Figure 7. The investigation of the immune landscape in low- and high-risk groups. (A) Plot illustrating the correlation between risk score and levels of immune cell infiltration. (B) The difference in immune cell infiltration level between low- and high-risk groups. *P < 0.05; **P < 0.01; ***P < 0.001; ****P < 0.0001.

Figure 8. Dissection of TME based on PCD signature. (A) The difference of TME score between in low- and high-risk groups. (B) ssGSEA algorithm calculated the differences in immune cell infiltration levels and immune function between low- and high-risk groups. (C) Visualization of all cell subtypes from 7 samples through t-SNE plot.

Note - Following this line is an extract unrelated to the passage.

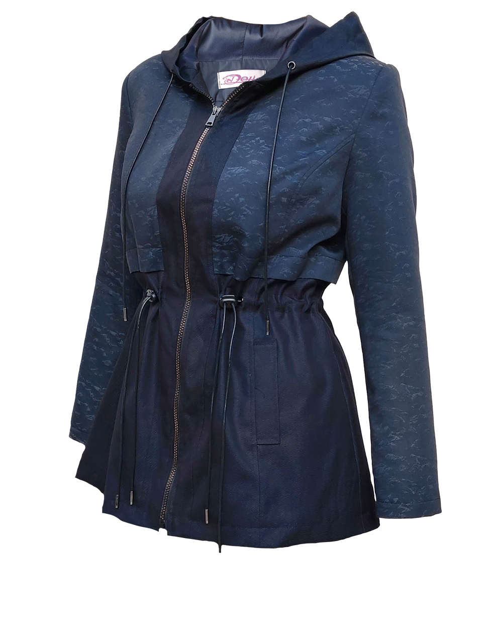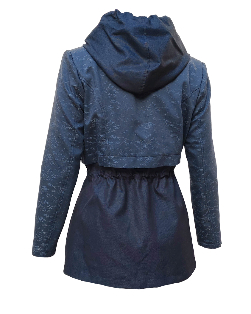 Шлиферът е с регулираща връзка в талията, която позволява прецизно оформяне на силуета и придава женствена линия. Комбинацията от гладка материя и текстуриран ефект в горната част създава интересен и елегантен завършек. Стилен и удобен шлифер, който допълва ежедневната визия с лекота и модерно излъчване.

Different cell subtypes were annotated. Proportions of different cell types in each sample were computed. (D) Violin plot of risk score in different cell types. *P < 0.05; **P < 0.01; ***P < 0.001; ****P < 0.0001.

3.8 PCD-related gene signature was associated with immunotherapy responses in CRC

Immunotherapy has emerged as a powerful clinical approach for treating various cancers (49). However, patients who fail to mount an effective immune response do not derive significant benefit from immunotherapies. Therefore, there is an urgent need to distinguish between immunotherapy-sensitive and immunotherapy-insensitive patients with CRC. The TIDE algorithm, which assessed the predictive power of the risk score in determining immunotherapy response in patients with CRC, revealed that responders had lower risk scores than non-responders. Notably, the low-risk group displayed lower TIDE scores and correlation analyses, indicating a positive relationship between the risk and TIDE scores. Furthermore, the low-risk group showed a higher immunotherapy response rate (48.8%) in contrast to the poorer response rate observed in the high-risk group (28.4%). Moreover, the risk score was associated with the tumor stroma, prompting an investigation into the impact of stromal scores on immunotherapy response rates. Interestingly, the high stromal score group exhibited a lower immunotherapy response rate (22.3%) compared to those in the low stromal score group. (54.9%) (Figure 9A). By integrating the risk and stromal scores, the findings revealed that in the low-stromal score group, the immunotherapy response rates were 61.7% and 46% in the low-risk and high-risk groups, respectively. Conversely, in the high stromal score group, the immunotherapy response rate was 32% in the low-risk group and 15% in the high-risk group. These findings suggest that the combination of the risk and stromal score could serve as a reliable biomarker for predicting immunotherapy response in patients with CRC.

Figure 9. Efficacy of PCD signature in predicting therapeutic sensitivity. (A) Differences in risk score among patients with different responses to immunotherapy. The correlation between risk score and TIDE. Variations in immunotherapy response rates between high- and low-risk groups. Differences in immunotherapy response rates between high- and low stromal score groups. (B) Utilizing risk score and stromal score together to predict immunotherapy response rates. Disparities in IPS between patients in different risk groups. (C, D) Validation of the predictive efficiency of the PCD signature in the IMvigor210 and GSE78220 cohort. (E) Variations in IC50 of first-line clinical treatment drugs for CRC between high- and low-risk groups. (F) The correlation between riskscore and IC50 values for first-line clinical treatment drugs in CRC. The ten drugs with the lowest IC50 values selected from a pool of 198 drugs. *P < 0.05; **P < 0.01; ***P < 0.001; ****P < 0.0001.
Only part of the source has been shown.